**EXERCISE BRIEF**. Only the lines from the top of the listing below through the line containing "El equipo de" should be output, exactly and with no pictures.

**SOURCE DATA**.
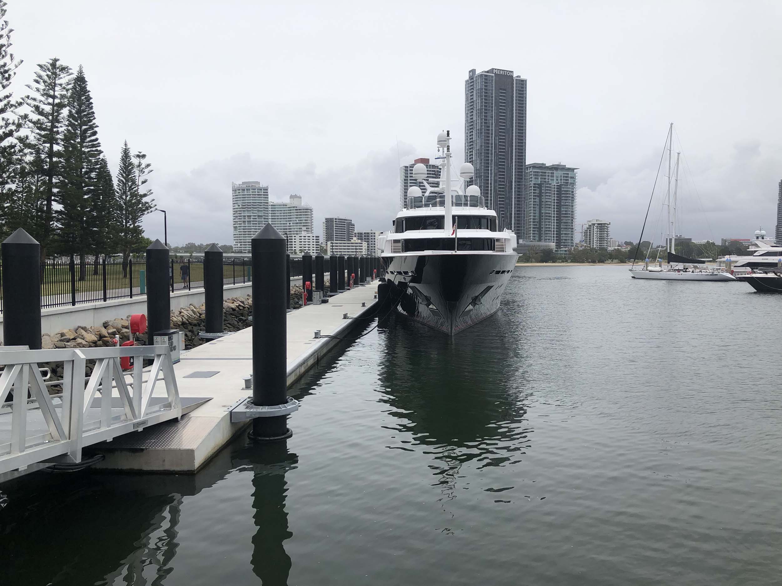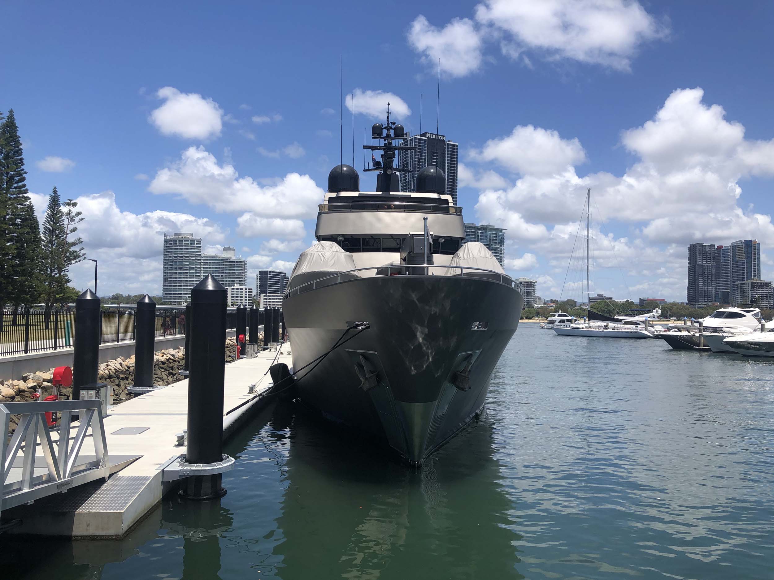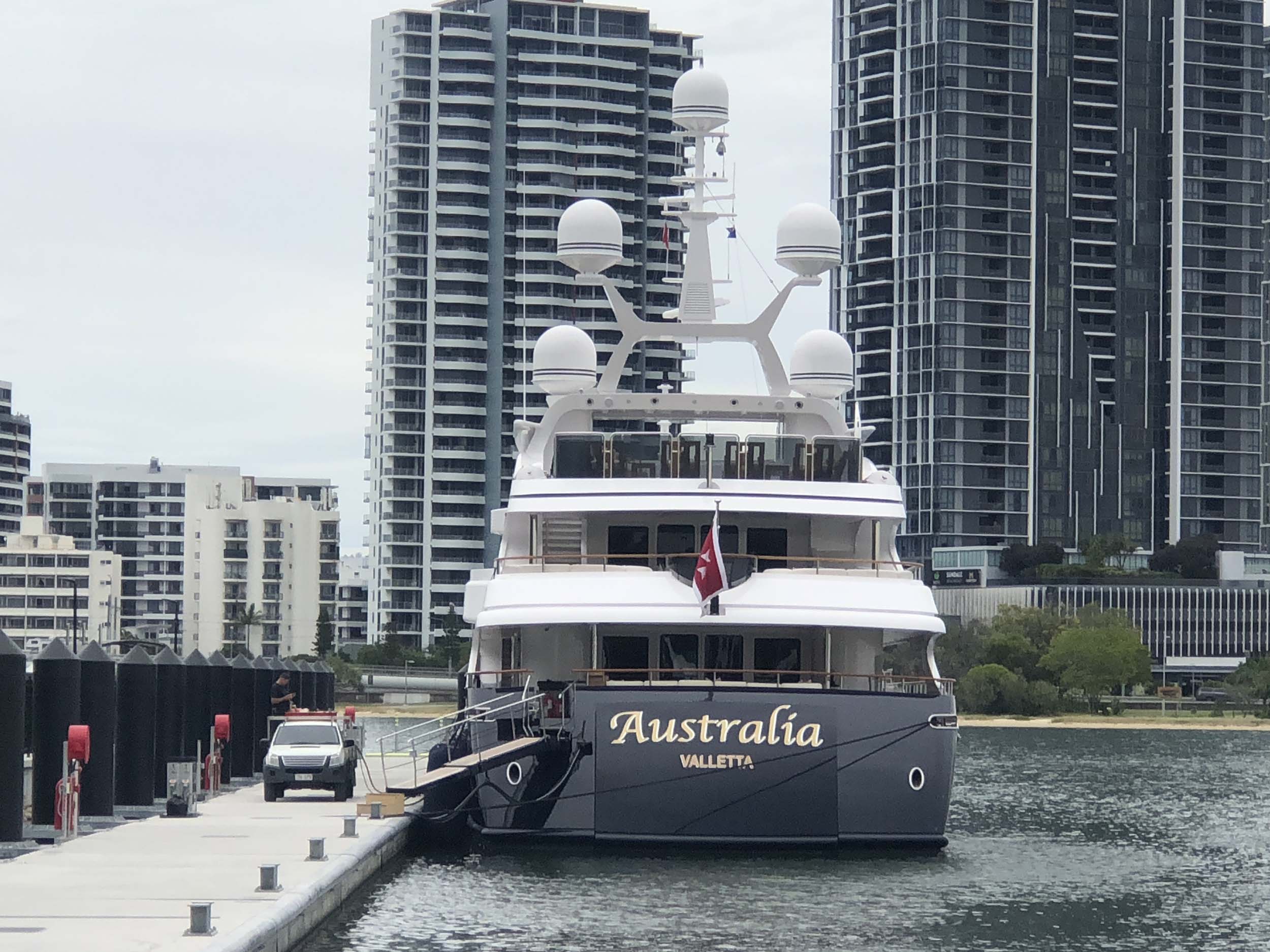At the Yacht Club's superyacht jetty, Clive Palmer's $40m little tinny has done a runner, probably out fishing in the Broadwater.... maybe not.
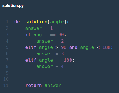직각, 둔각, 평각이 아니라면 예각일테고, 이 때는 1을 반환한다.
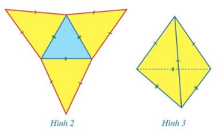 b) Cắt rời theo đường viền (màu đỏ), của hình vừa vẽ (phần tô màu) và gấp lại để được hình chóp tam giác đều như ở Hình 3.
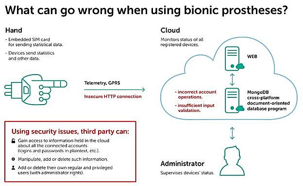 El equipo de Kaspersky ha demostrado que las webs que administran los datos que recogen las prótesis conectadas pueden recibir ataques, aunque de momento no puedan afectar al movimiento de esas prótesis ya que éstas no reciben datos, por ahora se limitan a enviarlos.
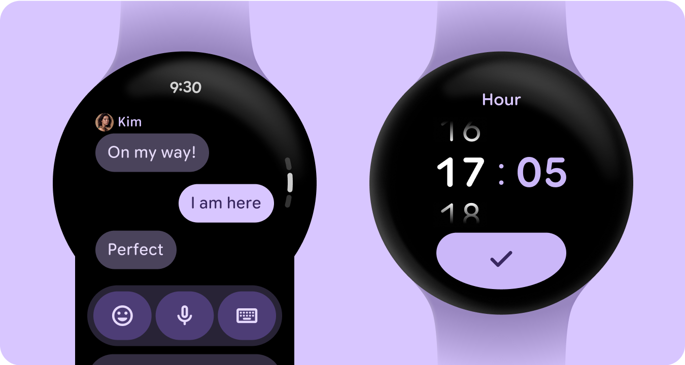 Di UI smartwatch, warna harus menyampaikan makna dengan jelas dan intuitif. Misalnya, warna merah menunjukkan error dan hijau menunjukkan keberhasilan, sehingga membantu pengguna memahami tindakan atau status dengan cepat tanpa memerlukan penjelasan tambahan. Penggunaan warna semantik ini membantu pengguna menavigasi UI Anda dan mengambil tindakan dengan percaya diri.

**FINISHED EXERCISE**.
At the Yacht Club's superyacht jetty, Clive Palmer's $40m little tinny has done a runner, probably out fishing in the Broadwater.... maybe not.
직각, 둔각, 평각이 아니라면 예각일테고, 이 때는 1을 반환한다.
 b) Cắt rời theo đường viền (màu đỏ), của hình vừa vẽ (phần tô màu) và gấp lại để được hình chóp tam giác đều như ở Hình 3.
 El equipo de Kaspersky ha demostrado que las webs que administran los datos que recogen las prótesis conectadas pueden recibir ataques, aunque de momento no puedan afectar al movimiento de esas prótesis ya que éstas no reciben datos, por ahora se limitan a enviarlos.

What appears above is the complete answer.